Tuesday's meeting in Downing Street, to be chaired by Culture Secretary Maria Miller, will be attended by Yahoo!, Google, Microsoft, Twitter, Facebook, BT, Sky, Virgin Media, TalkTalk, Vodafone, O2, EE and Three.


Claire Perry, the Conservative MP who advises the prime minister on the issue, said violent online images were still accessible even though they were outlawed and there was a link between them and horrific crimes committed against children.


"If I have to sit with parents who've had their children taken from them whilst images, the most appalling images, of abuse are then found on those gentlemen's computers, we can't sit by and do nothing about that," she told Channel 5.


Ministers say they also want to make it easier for parents to ensure their children are not exposed to unsuitable material online.


A 2011 review by Mothers Union chief executive Reg Bailey concluded that children were being bombarded by sexual images on the internet, television, music videos and in advertising and it should be much easier for parents to block under-age access online.


Education

The body that represents the UK's net suppliers has said filtering tools should be more widely available but it opposes default settings.


The Internet Service Providers Association argues they can be "circumvented" and that education and empowering parents to make safe choices must go hand in hand with technological solutions.


It says it will use the meeting to stress what the industry is already doing to block access to images of child abuse and criminally obscene adult material and to remove them in conjunction with the police.

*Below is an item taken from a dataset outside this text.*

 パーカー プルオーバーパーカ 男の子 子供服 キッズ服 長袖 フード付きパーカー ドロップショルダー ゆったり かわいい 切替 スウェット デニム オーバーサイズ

Mrs Perry said progress was being made on a voluntary basis to ensure adult material could not accessed online in a public place and age verification mechanisms and "one click" filters in place unless parents turned them off were becoming widely available.

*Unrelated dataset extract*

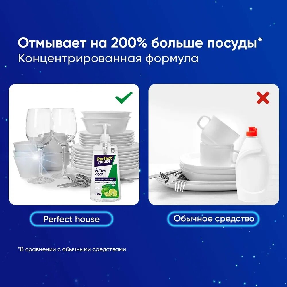 Жидкий гель для мытья посуды Active Clean от бренда Perfect House - это кухонный помощник, разработанный специально для борьбы с жиром и нагаром. В составе жидкости содержится в 4 раза больше ингредиентов, которые отмывают самые сильные загрязнения. Мощная концентрированная формула с высоким содержанием моющих компонентов образует густую пенку и снижает расход продукта. Европейские отдушки имитируют аромат зеленого чая и бергамота, придавая приятный и свежий запах, который создаст на вашей кухне приятную атмосферу. Полностью смывается водой, не оставляя разводов на поверхностях. Всего несколько капель чистящего средства позволит мгновенно справиться с остатками еды и следами от жирных пятен. Наш универсальный супер-концентрат предназначен для мойки и очистки детских бутылочек, игрушек, тарелок и столовых приборов. Он также идеально подходит для глубокой чистки бокалов из стекла, кастрюль из нержавеющей стали, стеклокерамики и стеклянных изделий. Бутылка с дозатором делает использование геля максимально удобным и экономичным. Он необходим также для устранения неприятных запахов. Лимонная кислота обеспечивает эффективное удаление даже самых устойчивых жировых отложений. Она помогает вашей посуде вернуть безупречный вид, придавая ей сияние и блеск. Эффективно работает в холодной и жесткой воде, а также обеспечивает защиту кожи рук от сухости и раздражения каждого члена семьи - как взрослых, так и детей. Это помогает сохранить ее мягкой и нежной даже при частом использовании.

"We've done it without regulation; we've done it by working systematically with the industry," she said. "At the moment the filtering work is going really well, and no need for legislation."


The BBC's technology correspondent Rory Cellan-Jones said the internet industry was angry that what it saw as separate issues - illegal child abuse images and children's access to harmful material - were being conflated.


BT said recently that any of its customers attempting to access web pages on the Internet Watch Foundation's list of identified images of child sexual abuse would now see a message telling them that the site was blocked and the reason why.


In a related development, internet search firm Google has said it will help create a database of images to improve collaboration between the police, companies and anti-abuse charities as well as fund developers to improve better tools to block images.